Habakuk 1:14 - Keadilan Ilahi dan Kebenciannya

"Engkau menjadikan manusia seperti ikan di laut, seperti binatang-binatang melata yang tidak ada penguasanya."

Ayat Habakuk 1:14 seringkali disalahpahami atau diabaikan dalam konteks yang lebih luas dari kitab tersebut. Namun, jika kita memerhatikannya dengan seksama, ayat ini mengungkapkan suatu perspektif yang mendalam mengenai karakter Allah, terutama dalam menghadapi ketidakadilan dan kejahatan yang merajalela. Nabi Habakuk sedang bergulat dengan cara Allah bekerja di dunia, khususnya bagaimana Dia menggunakan bangsa Babel yang kejam untuk menghukum umat-Nya sendiri.

Dalam keterkejutan dan keputusasaannya, Habakuk membandingkan manusia yang diperlakukan oleh bangsa penindas dengan "ikan di laut, seperti binatang-binatang melata yang tidak ada penguasanya." Perumpamaan ini melukiskan gambaran tentang kerentanan, ketidakberdayaan, dan ketidakadilan yang ekstrem. Manusia, yang seharusnya diciptakan menurut gambar dan rupa Allah, kini diperlakukan seperti makhluk tak berakal yang dapat ditangkap, ditindas, dan dibuang tanpa ada yang peduli atau melindunginya. Ini adalah gambaran yang sangat menyedihkan tentang kondisi umat Allah di bawah kekuasaan bangsa Asyur yang brutal.

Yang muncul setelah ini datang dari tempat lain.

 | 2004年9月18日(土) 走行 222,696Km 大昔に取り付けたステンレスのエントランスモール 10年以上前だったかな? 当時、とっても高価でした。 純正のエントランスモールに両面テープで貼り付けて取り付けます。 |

Namun, penting untuk melihat ayat ini dalam hubungannya dengan konteks teologis yang lebih besar. Allah, melalui nabi-Nya, bukan hanya mengungkapkan kesedihan atas perlakuan terhadap manusia, tetapi juga menunjukkan bahwa Dia melihat dan membenci ketidakadilan tersebut. Kebencian Allah bukanlah kebencian yang penuh dendam atau emosi negatif seperti yang manusia pahami. Sebaliknya, ini adalah kebencian yang lahir dari kekudusan-Nya yang sempurna dan kasih-Nya yang sejati terhadap ciptaan-Nya. Allah tidak bisa mentolerir kejahatan dan penindasan.

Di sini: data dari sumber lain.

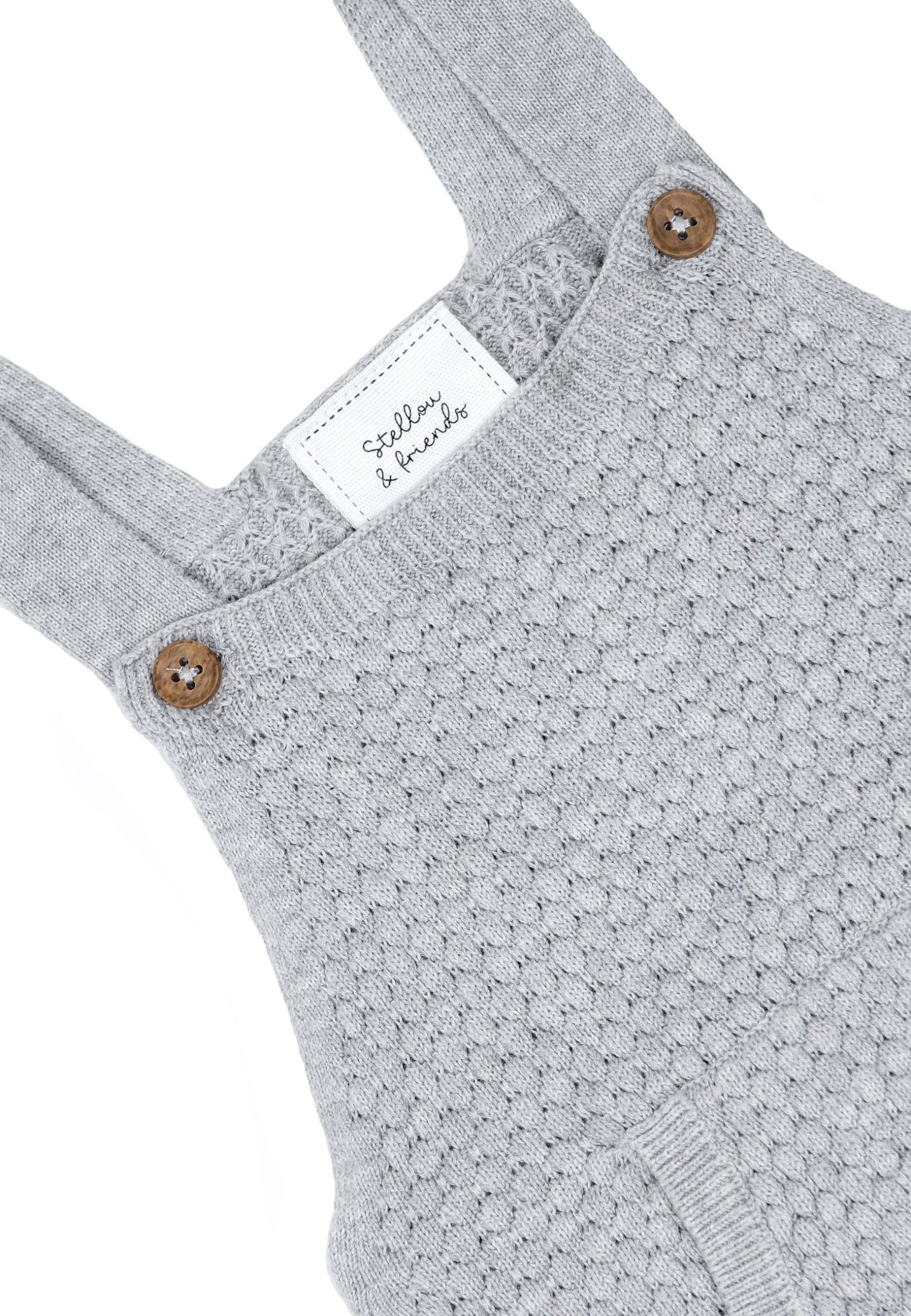 Stellou & Friends – Only the Best for Little Ones! This cozy knit bib overalls provide a comfortable feel thanks to the relaxed fit and are incredibly soft. The practical snaps on the shoulder straps make it easy to put on and take off the onesie. The two adjustable snaps per shoulder strap allow for length adjustments. The front pocket adds another cute detail. Paired with a pullover or body, it creates a casual, stylish outfit. Stellou & Friends brings Swiss design quality to your baby’s wardrobe.

Keadilan Ilahi yang Tertunda

Habakuk bergulat dengan pertanyaan, "Bagaimana mungkin Allah yang kudus dan adil membiarkan kejahatan seperti ini terjadi? Mengapa Dia tampaknya diam saja?" Pertanyaan ini relevan hingga hari ini bagi banyak orang yang menyaksikan penderitaan dan ketidakadilan di dunia. Allah memang memilih untuk menggunakan bangsa Babel sebagai alat penghukuman, tetapi itu tidak berarti Dia menyetujui kekejaman mereka. Sebaliknya, Allah pada akhirnya akan menghakimi bahkan alat-alat kejahatan itu.

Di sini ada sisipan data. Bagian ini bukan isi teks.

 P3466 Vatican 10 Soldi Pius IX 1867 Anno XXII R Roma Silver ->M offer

Ayat ini, meskipun terdengar suram, sebenarnya merupakan titik tolak bagi Habakuk untuk memahami lebih dalam mengenai keadilan Allah. Allah melihat penderitaan umat-Nya, dan meskipun jalan-Nya terkadang tidak dapat dipahami, tujuan-Nya adalah keadilan dan pemulihan. Kebencian Allah terhadap kejahatan adalah bagian integral dari keadilan-Nya. Dia tidak acuh tak acuh terhadap perlakuan buruk yang dialami oleh manusia, terutama umat yang dikasihi-Nya.

Harapan di Tengah Keputusasaan

Meskipun Habakuk 1:14 melukiskan gambaran yang suram, seluruh kitab Habakuk memberikan harapan. Nabi ini belajar untuk percaya pada kedaulatan dan kebaikan Allah, bahkan ketika situasi tampak mustahil. Dia belajar bahwa Allah akan bertindak pada waktu-Nya, dan bahwa keadilan-Nya pada akhirnya akan terwujud. Kebencian Allah terhadap dosa dan ketidakadilan menjadi jaminan bahwa Dia tidak akan membiarkan kejahatan berkuasa selamanya.

Oleh karena itu, Habakuk 1:14 bukan hanya tentang gambaran tentang penderitaan manusia, tetapi juga tentang kepedulian Allah yang mendalam terhadap mereka yang ditindas, dan kepastian bahwa keadilan ilahi akan ditegakkan. Ini adalah pengingat bahwa Allah melihat, Allah peduli, dan Allah akan bertindak, meskipun kadang-kadang cara-Nya melampaui pemahaman kita.

Simbol keadilan dan pengawasan ilahi.